Cara pengumpulan data yang pertama digunakan oleh peneliti adalah studi dokumentasi. Selain menjadikan peneliti sebagai instrumen dalam pengumpulan data, peneliti memanfaatkan sumber-sumber lain berupa catatan dan dokumen (non human resources). Menurut Lincoln dan Guba (1985: 276-277) catatan dan dokumen ini dapat dimanfaatkan sebagai saksi dari kejadian-kejadian tertentu atau sebagai bentuk pertanggungjawaban. Untuk keperluan penelitian ini, peneliti mengumpulkan catatan dan dokumen yang dipandang perlu untuk membantu analisis. Dalam studi dokumentasi ini, peneliti akan memanfaatkan sumber kepustakaan berupa buku teks, makalah, jurnal, dokumen kurikulum, hasil penelitian, dokumen negara seperti Keputusan Dirjen Dikti Nomor 267/Dikti/Kep/2000 tentang Penyempurnaan


(43)

Kurikulum Inti Mata Kuliah Pengembangan Kepribadian PKn Pada Perguruan Tinggi Di Indonesia, Keputusan Dirjen Dikti Nomor 43/Dikti/Kep/2006 tentang Rambu-Rambu Pelaksanaan Kelompok Mata Kuliah Pengembangan Kepribadian Di Perguruan Tinggi, dan Peraturan Menteri Nomor 22/2006 tentang Standar Isi (SI) dan Peraturan Menteri Nomor 23/2006 tentang Standar Kompetensi Lulusan (SKL). Kajian dokumen difokuskan pada aspek materi atau substansi yang ada kaitannya dengan PKn secara konseptual sebagai upaya pembangunan karakter bangsa.

3.2 Wawancara

Cara pengumpulan data kedua yang digunakan oleh peneliti adalah wawancara. Subyek penelitian yang diwawancarai adalah pakar yang berlatar keilmuan terkait dengan dimensi PKn serta banyak menaruh perhatian yang tinggi terhadap pengembangan PKn baik secara kurikuler, akademik maupun sosial kultural. Tujuannya adalah untuk mendapatkan informasi tentang persepsi perorangan, cita-cita, gagasan, perasaan, motivasi, tuntutan, pendapat, dan kepedulian para subyek penelitian tersebut terhadap materi “content” PKn sebagai wahana pembangunan karakter bangsa. Kecuali untuk mencari informasi tentang kegiatan seseorang pada saat percakapan dilakukan, wawancara dilakukan untuk merekonstruksi perspektif dan gagasan para subyek penelitian sesuai dengan pengalamannya masing-masing tentang ontologi PKn dan pembangunan karakter bangsa. Hasil wawancara dimanfaatkan untuk mengembangkan informasi yang sudah diperoleh, atau untuk perubahan dan verifikasi.


(44)

Menurut Patton (1990:280) pertanyaan-pertanyaan yang diajukan dalam penelitian naturalistik dapat mengikuti tiga macam pilihan sebagai berikut.
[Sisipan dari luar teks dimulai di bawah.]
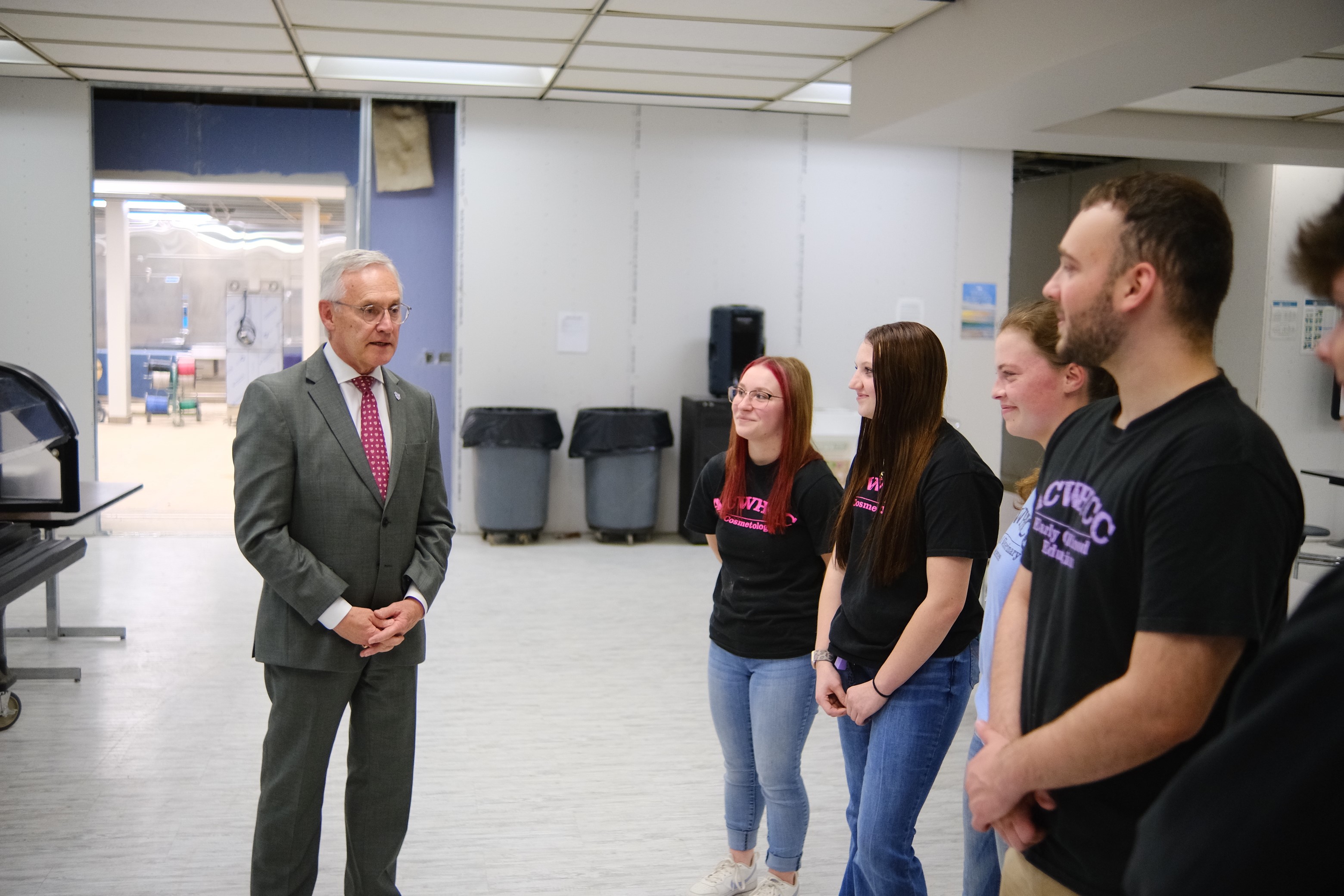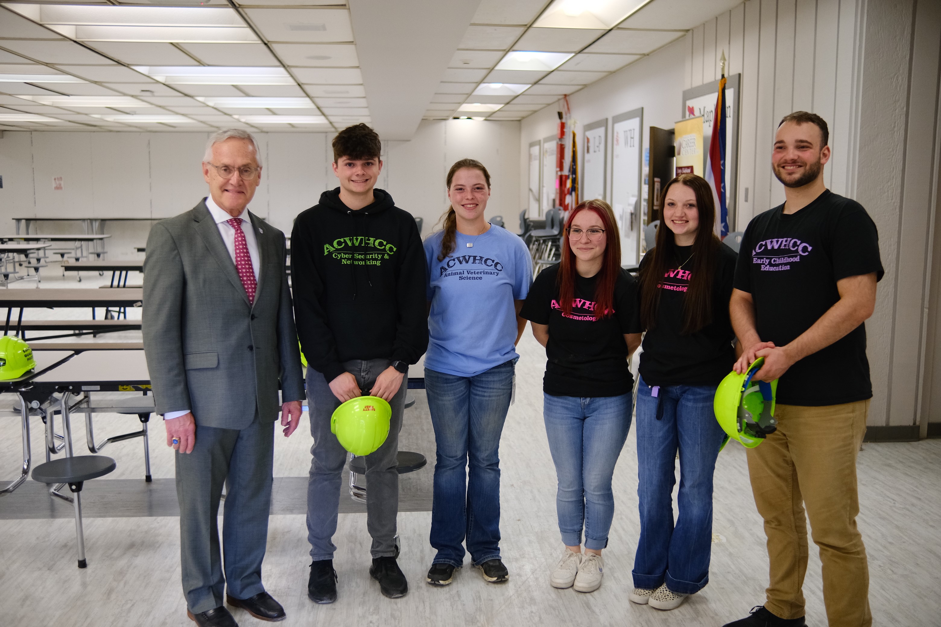 Ohio Lt. Governor Jim Tressel met with several students during his visit Thursday to Ashland County-West Holmes Career Center in Ashland County - part of his Ohio Workforce Playbook tour.

a. Wawancara percakapan informal (The informal conversation interview), ialah wawancara yang sepenuhnya didasarkan pada susunan pertanyaan spontan ketika interaksi berlangsung khususnya pada proses observasi partisipatif di lapangan. Pada saat wawancara melalui percakapan informal berlangsung terkadang orang yang diwawancarai tidak diberitahu bahwa mereka sedang diwawancarai.

b. Wawancara umum dengan pendekatan terarah (The general interview guide approach), ialah jenis wawancara yang menggariskan sejumlah isu yang harus digali dari setiap responden sebelum wawancara dimulai. Pertanyaan yang diajukan tidak perlu dalam urutan yang diatur terlebih dahulu atau dengan kata-kata yang dipersiapkan. Panduan wawancara memberikan ceklis selama wawancara untuk meyakinkan bahwa topik-topik yang sesuai telah terakomodasi. Peneliti menyesuaikan baik urutan pertanyaan maupun kata-kata untuk responden tertentu.

c. Wawancara terbuka yang baku (The standardized open-ended interview) meliputi seperangkat pertanyaan yang secara seksama disusun dengan maksud untuk menjaring informasi mengenai isu-isu yang sesuai dengan urutan dan kata-kata yang sudah dipersiapkan sebelumnya. Fleksibilitas dalam menggali informasi dibatasi, tergantung pada sifat wawancara dan keterampilan peneliti.


(45)

Jenis wawancara yang dijelaskan di atas digunakan oleh pewawancara untuk memperoleh informasi dari subyek penelitian dan informan sesuai dengan permasalahan yang ditanyakan, berupa pengalaman, pandangan, pendapat, maupun anggapan. Pewawancara sendiri tidak banyak melakukan intervensi dan mendesakkan pendapat sehingga informasi yang diperoleh terjamin reliabilitasnya.

3.3 Observasi

Alat pengumpul data berikutnya dalam penelitian naturalistik adalah observasi semi partisipatif. Jorgensen (1989) menggambarkan bahwa

Through participant observation, it is possible to describe what goes on, who or what is involved, when and where things happen, how they occur, and why – at least from the standpoint of participants – things happen as they do in particular situations.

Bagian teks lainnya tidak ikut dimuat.